Saturday, December 11, 2010

MacBook Pro vs MacBook Air

No longer the nouveau belle of Apple's laptop line, the MacBook Pro has taken the backseat in Apple's advertising push as the company attempts to dazzle the public with the svelte figure of the new MacBook Airs. About two weeks ago, I was forced to decide between the ageing powerhouse Pro and the gorgeous new contender - the Air. My early-2006 polycarbonate MacBook was a mere month away from its 5th birthday, and its meagre hardware specs and dated software were taking their toll.

Originally, my choice was between the 13 inch varieties of both the Air and the Pro. Though, on paper, the choice seemed one of power vs portability, further investigation revealed an entirely different story. Because of its pioneering use of flash storage soldered straight onto the motherboard, the Air was actually just as fast, if not faster than the Pro at many day-to-day tasks. The reason? The MacBook Pro, like most computers, uses a hard drive for storage. Hard drives have moving parts and, as a result, are much slower and less reliable than Solid State Drives (aka Flash). The catch? SSDs are very, very expensive - a 500GB SSD costs around £500 more than a 500GB Hard Drive.

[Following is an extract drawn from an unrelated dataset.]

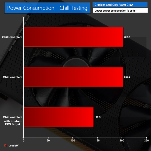 Chill is my favourite feature of the Adrenalin driver. It's a simple but effective idea – with Chill enabled, your frame rate behaves as normal when moving around in-game. When you stop moving, however, Chill detects this and drops the frame-rate, meaning your GPU frequency slows, resulting in lower power draw.

The SSD gave the Air a definitive advantage over the 13 inch Pro - the performance was similar, but the portability and form factor seemed to tip the balance of power toward the Air. Unfortunately, the MacBook Air comes with half the RAM of the Pro (2GB vs 4GB) as standard, with an £80 upgrade for the Air putting them on level footing. A few minutes surfing Apple's website later, I realised that to get a large enough drive and enough RAM, the Air would cost over £400 more than the cheapest Pro. Are the SSD and portability worth that hefty premium? For some, undoubtedly so. But for me, doubt loomed over my shoulder, peering closer with every passing second.

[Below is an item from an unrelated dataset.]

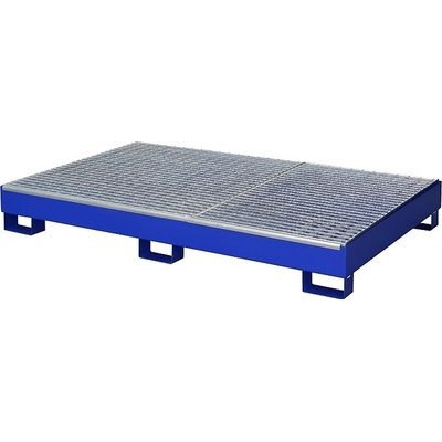 Záchytná vana pro zachycení nechtěných úkapů: - vhodná pro bezpečné uložení čtyř 200 litrových sudů - určená pro vnitřní použití ve skladech, halách a dílnách - vyrobená ze...

To add insult to injury, I quickly spotted that the maxed-out MacBook Air costed the same amount as a 15 inch MacBook Pro. And therein lay my answer. The Core i5 processor found in the base 15 inch Pro easily bested the Core 2 Duo processors found in the Air and 13 inch Pro models. 4GB of RAM came standard, as did a hard drive larger than that on the Air and the Pro.

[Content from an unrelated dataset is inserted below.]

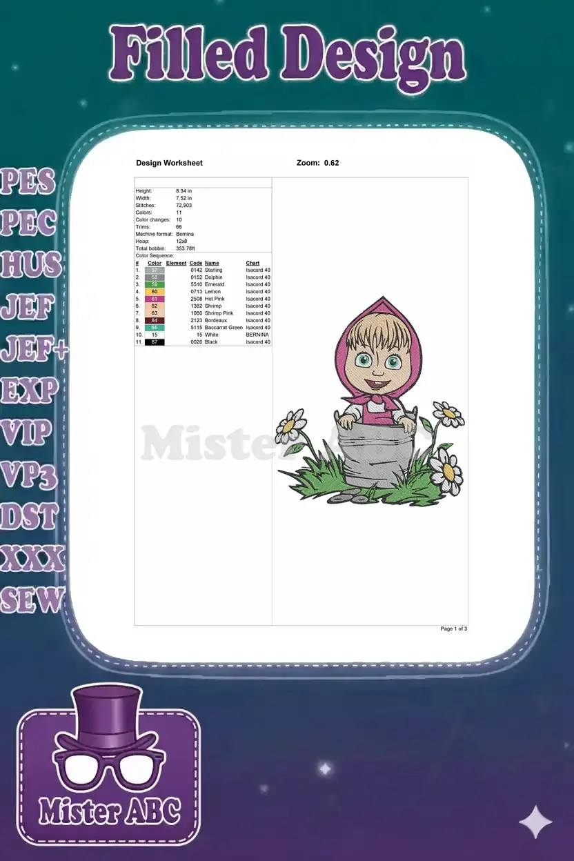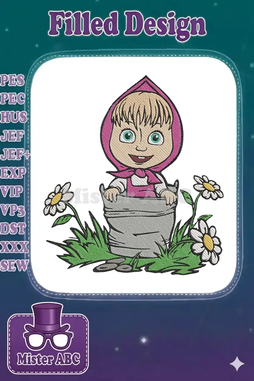 Adorable Masha embroidery design featuring the beloved character in a charming bucket, surrounded by cheerful daisies.

The extra screen real-estate, the extra ports, the faster processor and the equal price tag of the 15 inch Pro easily bested the thin frame and ultra-portable design of the MacBook Air.

A further analysis of my time using the 15 inch Pro is coming soon. Two main points stand out however:

a) Those two inches make an unbelievable amount of difference to the experience of using the screen

b) During graphics intensive tasks, especially gaming, the heat of the laptop is such that it may leave you without a lap. Or a top.